As a fiction creator, I consider the phrase “suspension of disbelief” as Nearly Canonical in its necessity; if an author does not make a scene so real that the reader is compelled to accept it, then the story will collapse. It holds a chief position in the writing process of most authors.
This is about fabricated lying and the role it plays in story construction. The writer is basically telling a tale that didn’t happen about people that have never lived—other than in his or her imagination—and he wants you to believe it so that he may get across his point or message. To do this, she/he must create a landscape that is so real, the reader buys into it even though, under it all, the reader knows that it is basically a falsehood. Reader and writer thus become cohorts in chicanery.
A significant part of this belief suspension is the manner in which characters are drawn. We can tell a great deal about the birthplace, education, social status, occupation, or trade, and even garner some insight into the ways these “persons” think when we listen to how they speak. Are they from New York and speaking with a Brooklyn accent or from East London and talking old fashioned Cockney? (Which is very much in decline I am told.)
This also fits the way a character gets emotional and the words he might use in its expression.
A scene set in a Southern state such as Virginia or Georgia in the 1920s or 30s and involving the racial disparity so viciously prevalent there, must contain the word “nigger.” Now before you pick up your phone or keyboard to crucify me for using a word with such a horrific history, stop and think: can the brutality of the attitude and the people involved be appropriately conveyed to persons living eighty years later?
Like the 1970s cigarette commercial said, “You’ve come a long way, baby.” We have. We’ve learned that words and unfair generalizations can bring pain, extreme dissent, and even innocent deaths. So, the use of expressions like N-word heralds an important change in our society—even if there are those who still enjoy using it. Thirty years ago, it was the F-Word that was taboo; for Brits it was bloody. Now such designations are largely passé.
What we need to remember is how to differentiate between the words themselves and their context and delivery.

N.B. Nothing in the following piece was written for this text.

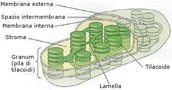 Il cloroplasto è un organulo dalla forma ovoidale, la cui membrana interna presenta dei ripiegamenti a forma di minuscoli sacculi appiattiti detti tilacoidi che si sviluppano nello stroma. In alcune regioni i tilacoidi si sovrappongono andando a costituire una sorta di "pila di monete" detta grano (granum).

Going back to the South of the above example, the need for that word is implicit in allowing the reader to begin understanding what African Americans felt upon hearing it fall—with snarling vehemence—from the lips of people who believed that white skin made them superior. I’m not certain that those of us who are Caucasian can even begin to experience the fear, denigration, or immediate panic that poured forth from the collective racial memory of a black man faced with an angry mob of whites. Somehow, “Get a rope and let’s hang that N-word bastard” does not carry quite the same horror as what was actually meant.

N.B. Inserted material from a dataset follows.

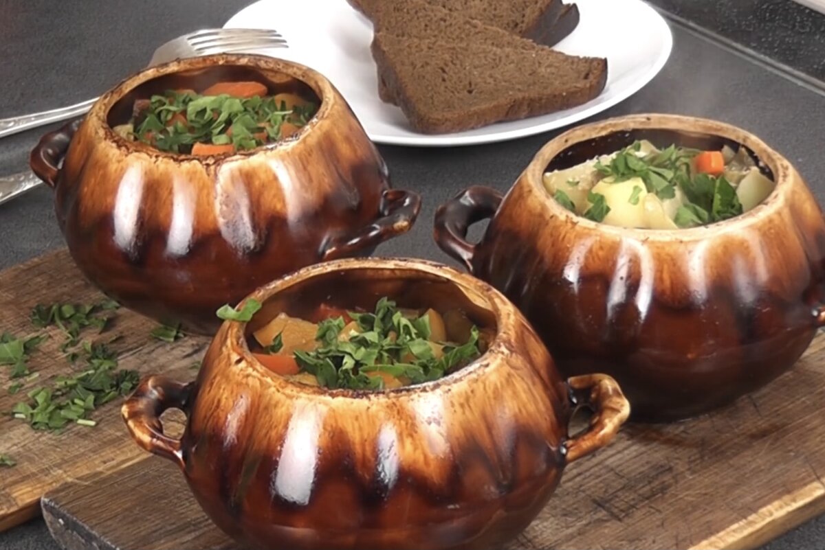 Жаркое из куриной грудки с овощами в порционных горшочках

When writers are trying to recreate a time and place, it is imperative that they be allowed to use the verbiage that is part of it. It is not our intention to promote the continuation of bad words and the political incorrectness of them; but rather to demonstrate how hideous and vulgar they can be and what the consequences are.
Their true badness rests with those who should know better and still use them offensively anyway. All in the name of Free Speech.